I’m a junkie, and I know this because when I was an impressionable ten-years-old or so, my sweet, round and soft grandmother took me to see Otto Preminger’s Man with a Golden Arm.
As the mother of 13 children who ran a boarding house, Grandma would not have read the reviews. It is hard to say which of us was more shocked. I remember being scared. I remember Grandma tensing and leaning over to say that she was sorry: she had not known what the movie was about. More than half a century has passed, and I still remember Sinatra’s battle with heroin addiction – I remember the needles and during his withdrawal, Sinatra shaking so violently that he edged off the bed and onto the floor.
Everything I know about drugs and addiction came from that movie. So I know an addiction when I see one, and I recognize that I could probably qualify for a 12-Step program.
In my case, I’m addicted to politics and following a year-long presidential campaign, following Congressional gridlock, following the election itself, and now the endless Monday morning quarterbacking, I am exhausted. Looking ahead to analysis of the ever-closer fiscal cliff, my stomach clenches. My shallow breath quickens. I’m on the edge of hyperventilating. It is time for detox.
Easy to say, but can I do it? Typically, I’m strong on plans and weak on follow-through.
I begin by listing the 12-Steps that I will follow in an effort to curb my addiction to politics: 1. I will cut the hours that I listen to BBC World and National Public Radio. 2. I will refuse to listen to Democracy Today. 3. I will not discuss politics with anyone.
That should do it. Three steps is plenty: I don’t need 12 steps.
It is going to be tough. If I have an addictive personality, other addictions stand in line ready to step forward and meet my needs. If I give up politics, what will follow? Will I eat more chocolate? Drink more coffee? Stoop to cleaning the refrigerator?
I won’t follow through, of course. I know that as I write, I don’t want to sit on the sidelines.
I soothe my savaged soul with listening to NPR’s “Storycorps.” Listening to people share stories of their transformative experiences is almost a religious experience for me. My heart clutches and sometimes I shed a tear. Almost always, I am lifted up out of the muck and dissention that brings me down. If you haven’t listened yourself, and you need to be reminded that man’s humanity is worth celebrating, take a listen at http://storycorps.org.
Or, you could embrace a portion of Barack Obama’s acceptance speech on November 6:
Democracy in a nation of 300 million can be noisy and messy and complicated. We have our own opinions. Each of us has deeply held beliefs. And when we go through tough times, when we make big decisions as a country, it necessarily stirs passions… stirs up controversy.
That won’t change after tonight, and it shouldn’t. These arguments we have are a mark of our liberty. We can never forget that as we speak, people in distant nations are risking their lives right now just for a chance to argue about issues that matter, the chance to cast their ballots like we did today.
Label me naïve. We have to believe.
If you haven’t read Cormac McCarthy’s The Road (better than the movie), maybe you should.

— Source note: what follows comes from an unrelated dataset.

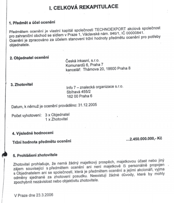 Oddlužený Technoexport si stát (ke konci roku 2005) nechal ocenit. A vypadalo to, že bude prodávat cenný podnik. „Tržní hodnota předmětu ocenění…2 450 000 000 Kč,“ konstatovala znalecká organizace Info 7, kterou si Česká inkasní najala.

Friends have shivered and backed off when I have recommended the book. They’ve heard about it or seen the movie… think that it is too dark… too depressing. Yes, surviving a nuclear winter is depressing, but for me, the father/son bond and the their humanity shines through. Ultimately, The Road is an uplifting book.
- Do you have an addiction? What is it? What steps have you taken to over-come it? Have you been successful? How do you feel about your success or lack of success?
- Is tomorrow another day?
- Brainstorm a list of addictions. Write a short piece that features a character with an addictive personality.